Hubble Detects Giant 'Cannonballs' Shooting from Star

Great balls of fire! The Hubble Space Telescope has detected superhot blobs of gas, each twice as massive as the planet Mars, being ejected near a dying star.

The plasma balls are zooming so fast through space that they would travel from Earth to the moon in 30 minutes.


This stellar "cannon fire" has continued once every 8.5 years for at least the past 400 years, astronomers estimate.

The fireballs present a puzzle to astronomers because the ejected material could not have been shot out by the host star, called V Hydrae. The star is a bloated red giant, residing 1,200 light-years away, which has probably shed at least half of its mass into space during its death throes.

The current best explanation is that the plasma balls were launched by an unseen companion star in an elliptical orbit around the red giant. The elongated orbit carries the companion every 8.5 years to within the puffed-up atmosphere of V Hydrae, where it gobbles up material from the bloated star.

This material then settles into a disk around the companion, and serves as the launching pad for blobs of plasma, which travel at roughly a half-million miles per hour.

This star system could explain a dazzling variety of glowing shapes uncovered by Hubble that are seen around dying stars, called planetary nebulae, researchers said to newscenter:. http://hubblesite.org/newscenter/archive/releases/2016/34/


About the image:

This four-panel graphic illustrates how the binary-star system V Hydrae is launching balls of plasma into space.

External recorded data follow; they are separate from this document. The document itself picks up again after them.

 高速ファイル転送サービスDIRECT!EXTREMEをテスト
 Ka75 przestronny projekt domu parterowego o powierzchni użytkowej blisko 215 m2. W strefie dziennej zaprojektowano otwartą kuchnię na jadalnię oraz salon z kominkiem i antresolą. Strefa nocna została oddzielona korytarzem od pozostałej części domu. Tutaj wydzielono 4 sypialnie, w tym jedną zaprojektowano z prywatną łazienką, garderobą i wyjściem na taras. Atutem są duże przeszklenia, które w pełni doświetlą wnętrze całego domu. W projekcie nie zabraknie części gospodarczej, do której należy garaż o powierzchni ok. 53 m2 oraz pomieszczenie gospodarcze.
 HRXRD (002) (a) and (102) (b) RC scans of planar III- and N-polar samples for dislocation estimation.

Panel 1 shows the two stars orbiting each other. One of the stars is nearing the end of its life and has swelled in size, becoming a red giant.

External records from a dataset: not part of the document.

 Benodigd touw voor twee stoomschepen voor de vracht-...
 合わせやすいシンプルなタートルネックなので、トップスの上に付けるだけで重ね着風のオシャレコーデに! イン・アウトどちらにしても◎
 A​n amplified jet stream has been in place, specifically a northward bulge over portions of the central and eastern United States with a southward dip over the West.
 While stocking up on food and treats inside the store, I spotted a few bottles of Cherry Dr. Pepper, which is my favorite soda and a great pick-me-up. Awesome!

In panel 2, the smaller star's orbit carries the star into the red giant's expanded atmosphere. As the star moves through the atmosphere, it gobbles up material from the red giant, which settles into a disk around the star.

The buildup of material reaches a tipping point and is eventually ejected as blobs of hot plasma along the star's spin axis, shown in panel 3.

This ejection process is repeated every eight years, the time it takes for the orbiting star to make another pass through the bloated red giant's envelope, shown in panel 4.